● Problem to solve:
Set down the records that follow in full and without changes.

━━━━━━━━━━━━━━━━━━━━

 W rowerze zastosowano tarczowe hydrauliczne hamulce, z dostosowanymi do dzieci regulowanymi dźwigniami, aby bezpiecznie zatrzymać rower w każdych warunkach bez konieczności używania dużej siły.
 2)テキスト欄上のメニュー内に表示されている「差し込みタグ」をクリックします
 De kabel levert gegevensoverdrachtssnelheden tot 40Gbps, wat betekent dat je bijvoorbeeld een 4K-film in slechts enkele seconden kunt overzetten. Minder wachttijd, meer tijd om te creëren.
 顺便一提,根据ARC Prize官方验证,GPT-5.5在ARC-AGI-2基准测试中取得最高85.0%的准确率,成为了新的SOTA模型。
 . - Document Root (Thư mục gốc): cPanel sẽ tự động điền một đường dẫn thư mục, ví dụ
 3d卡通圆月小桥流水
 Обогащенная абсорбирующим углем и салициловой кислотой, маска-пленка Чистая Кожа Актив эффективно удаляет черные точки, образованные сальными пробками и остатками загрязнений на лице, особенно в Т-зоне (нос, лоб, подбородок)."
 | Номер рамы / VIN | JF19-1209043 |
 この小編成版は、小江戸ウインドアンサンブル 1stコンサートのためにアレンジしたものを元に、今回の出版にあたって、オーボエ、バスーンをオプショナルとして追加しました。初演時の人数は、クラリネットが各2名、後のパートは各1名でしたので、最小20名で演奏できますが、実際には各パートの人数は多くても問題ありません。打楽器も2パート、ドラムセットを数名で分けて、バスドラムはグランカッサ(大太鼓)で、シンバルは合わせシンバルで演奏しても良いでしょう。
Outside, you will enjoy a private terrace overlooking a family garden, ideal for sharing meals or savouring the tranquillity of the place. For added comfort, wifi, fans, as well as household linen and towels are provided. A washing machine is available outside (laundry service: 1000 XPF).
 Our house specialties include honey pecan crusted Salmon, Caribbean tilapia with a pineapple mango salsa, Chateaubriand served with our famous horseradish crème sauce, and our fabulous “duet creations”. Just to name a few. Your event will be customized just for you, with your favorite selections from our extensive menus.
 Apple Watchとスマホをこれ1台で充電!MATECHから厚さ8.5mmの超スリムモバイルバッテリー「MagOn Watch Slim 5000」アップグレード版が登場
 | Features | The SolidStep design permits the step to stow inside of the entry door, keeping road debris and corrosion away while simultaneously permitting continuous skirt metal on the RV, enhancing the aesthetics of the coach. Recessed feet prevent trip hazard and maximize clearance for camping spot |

━━━━━━━━━━━━━━━━━━━━

● Expected answer:
 W rowerze zastosowano tarczowe hydrauliczne hamulce, z dostosowanymi do dzieci regulowanymi dźwigniami, aby bezpiecznie zatrzymać rower w każdych warunkach bez konieczności używania dużej siły.
 2)テキスト欄上のメニュー内に表示されている「差し込みタグ」をクリックします
 De kabel levert gegevensoverdrachtssnelheden tot 40Gbps, wat betekent dat je bijvoorbeeld een 4K-film in slechts enkele seconden kunt overzetten. Minder wachttijd, meer tijd om te creëren.
 顺便一提,根据ARC Prize官方验证,GPT-5.5在ARC-AGI-2基准测试中取得最高85.0%的准确率,成为了新的SOTA模型。
 . - Document Root (Thư mục gốc): cPanel sẽ tự động điền một đường dẫn thư mục, ví dụ
 3d卡通圆月小桥流水
 Обогащенная абсорбирующим углем и салициловой кислотой, маска-пленка Чистая Кожа Актив эффективно удаляет черные точки, образованные сальными пробками и остатками загрязнений на лице, особенно в Т-зоне (нос, лоб, подбородок)."
 | Номер рамы / VIN | JF19-1209043 |
 この小編成版は、小江戸ウインドアンサンブル 1stコンサートのためにアレンジしたものを元に、今回の出版にあたって、オーボエ、バスーンをオプショナルとして追加しました。初演時の人数は、クラリネットが各2名、後のパートは各1名でしたので、最小20名で演奏できますが、実際には各パートの人数は多くても問題ありません。打楽器も2パート、ドラムセットを数名で分けて、バスドラムはグランカッサ(大太鼓)で、シンバルは合わせシンバルで演奏しても良いでしょう。
Outside, you will enjoy a private terrace overlooking a family garden, ideal for sharing meals or savouring the tranquillity of the place. For added comfort, wifi, fans, as well as household linen and towels are provided. A washing machine is available outside (laundry service: 1000 XPF).
 Our house specialties include honey pecan crusted Salmon, Caribbean tilapia with a pineapple mango salsa, Chateaubriand served with our famous horseradish crème sauce, and our fabulous “duet creations”. Just to name a few. Your event will be customized just for you, with your favorite selections from our extensive menus.
 Apple Watchとスマホをこれ1台で充電!MATECHから厚さ8.5mmの超スリムモバイルバッテリー「MagOn Watch Slim 5000」アップグレード版が登場
 | Features | The SolidStep design permits the step to stow inside of the entry door, keeping road debris and corrosion away while simultaneously permitting continuous skirt metal on the RV, enhancing the aesthetics of the coach. Recessed feet prevent trip hazard and maximize clearance for camping spot |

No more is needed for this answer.